In 1862 he was residing in Ray county, Mo., when Major Biggers, the Commander of the Post at Richmond, issued an order that no minister of the gospel should preach who did not carry with him the Union flag. A few days after the order came out Mr. McGlothlin was called upon to go to Knoxville, Caldwell county, to procure suitable burial clothing for a Mrs. Tilford, a widow, who died in his neighborhood, as he was the only man available for that service. After the purchases were made and he was ready to return, a Captain Tiffin, of Knoxville, stepped up and asked if he had “reported.” He answered in the negative, and convinced the Captain that there was no order requiring him to report, as he had license to preach. Tho officer then asked him if he had a “flag.” He told him he had not. “Will you get one?” “No,” said he, “I will recognize no State or military authority to prescribe qualifications for the work of the ministry.” The officer at once arrested him. Mr. McGlothlin acquainted Capt. Tiffin at once with the peculiar character of his business in Knoxville, and the necessity of his speedy return, offering at the same time his parole of honor to report to him at any time and place he might designate. This he promptly refused, and the officer said that he would ride out a part of the way with him. When they arrived within a few miles of the house where the dead lay waiting interment, the officer pressed a boy into service and sent the burial clothes to their destination, after detaining them three or four hours on the way.
The minister was not released, even to attend the funeral service, but was kept in close confinement, dinnerless, supperless, bedless and comfortless.
The next day, with over twenty others, he was taken to Richmond and confined in the Fair Grounds and in the old College building for five weeks, and then unconditionally released. The only charge they could bring against him was that he would not take the oath of allegiance, give bond in the sum of $1,000 for his good behavior, and buy a flag to carry about with him as an evidence of his loyalty and a symbol of authority to preach the gospel of Jesus Christ.
Few instances of petty persecution in the exercise of a little brief authority can surpass this.
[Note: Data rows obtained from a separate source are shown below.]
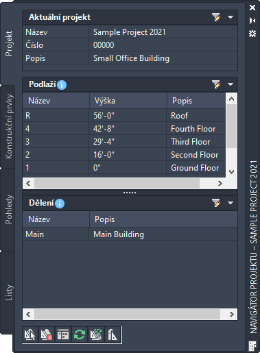 Karta Projekt v Navigátoru projektu je místo, kde se zadávají informace týkající se celého projektu.
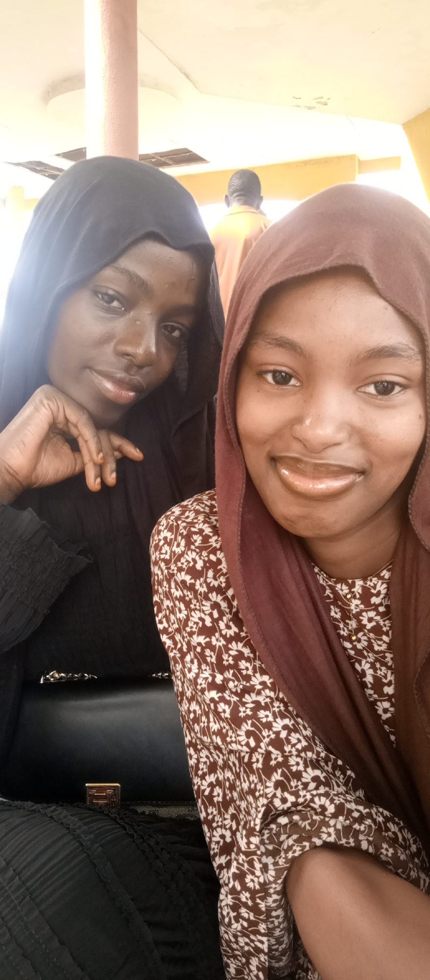 Two young women are prominently featured in a photo, likely a selfie, smiling directly at the camera. The setting appears to be indoors or under a covered outdoor structure, characterized by a bright,…read more
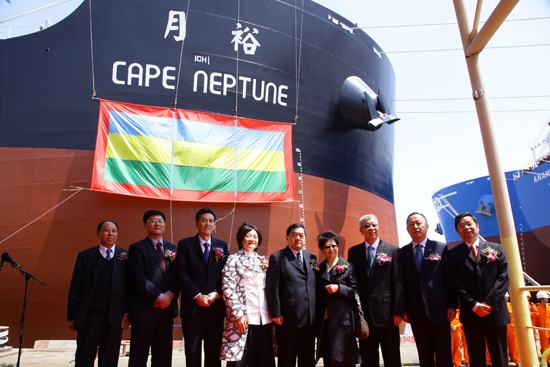 裕民航運新加坡子公司委托中國最大船廠──上海外高橋造船公司,建造206,000載重噸海岬型散裝貨輪「裕月輪」(M.V. “Cape Neptune”),于4月22日假上海市外高橋船廠完成命名接船典禮,典禮由遠東集團徐旭東董事長親自主持,并邀請渣打銀行大中華區(qū)主席曾璟璇女士,擔(dān)任裕月輪之命名夫人。
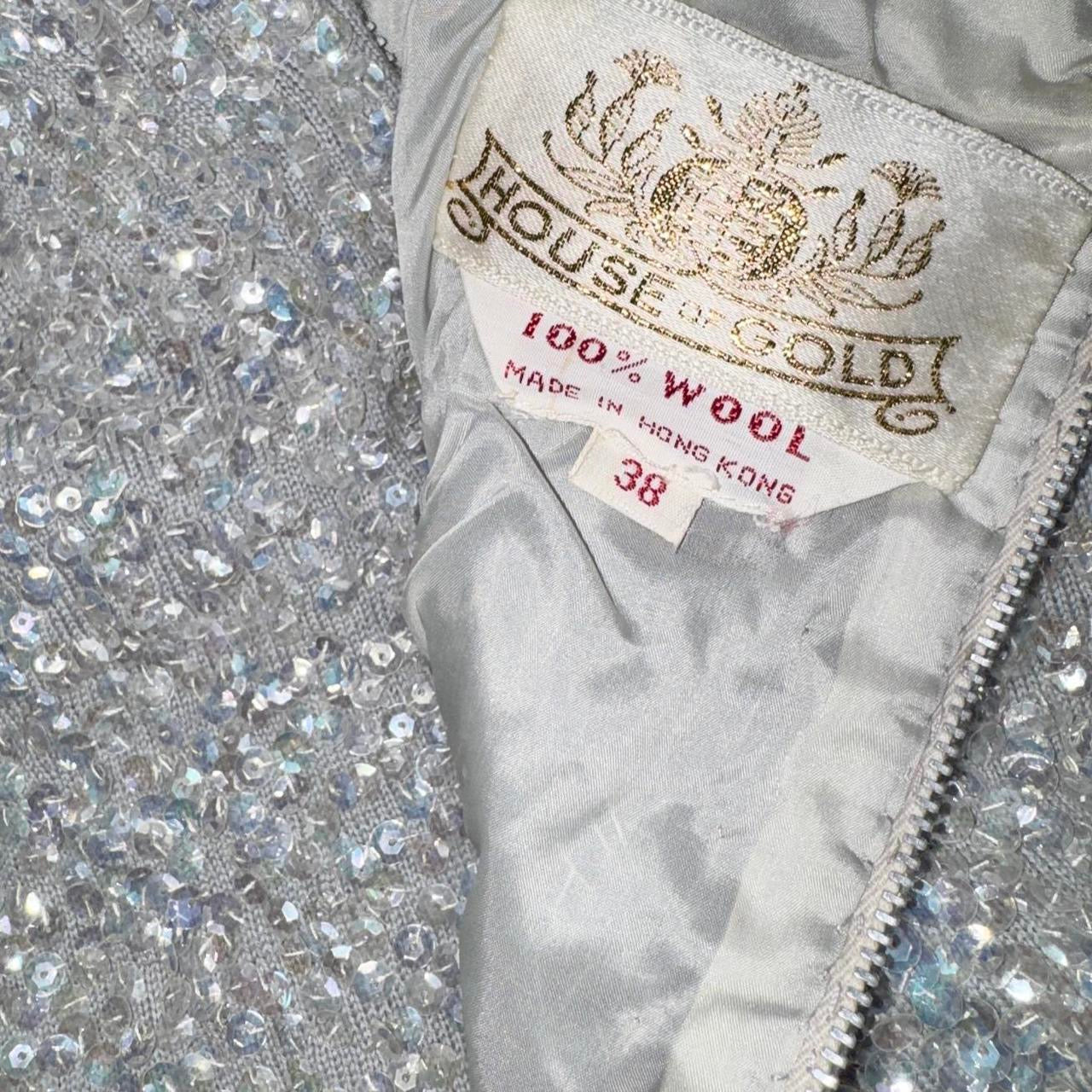 Gorgeous silvery blue knit blouse from the 1960s with iridescent sequins & black plaid balloon sleeves. Floral embroidery & an elegant high neckline. Back zip closure. Great pre-loved condition; minor wear on the satin lining.

It needs no comment, except to add that the minister who was thus made a victim of the narrowest and meanest spitefulness was a high-toned gentleman of unblemished character, against whom even the petty military officers and their spies could never raise an accusation.
Rev. James Penn.
This venerable minister and member of the Missouri Annual Conference, M. E. Church, South, was the subject of a peculiar class of trials during the war. Mr. Penn is one of the oldest and one of the best men in the itinerant ministry in Missouri.
He has furnished to the ministry four sons, all of whom are worthy and useful men. While the father has given his life and his children to the work of the ministry, it is peculiarly gratifying to the Church and their co-laborers of the Missouri Conference that, up to this time, no moral taint has ever rested upon a single member of the family.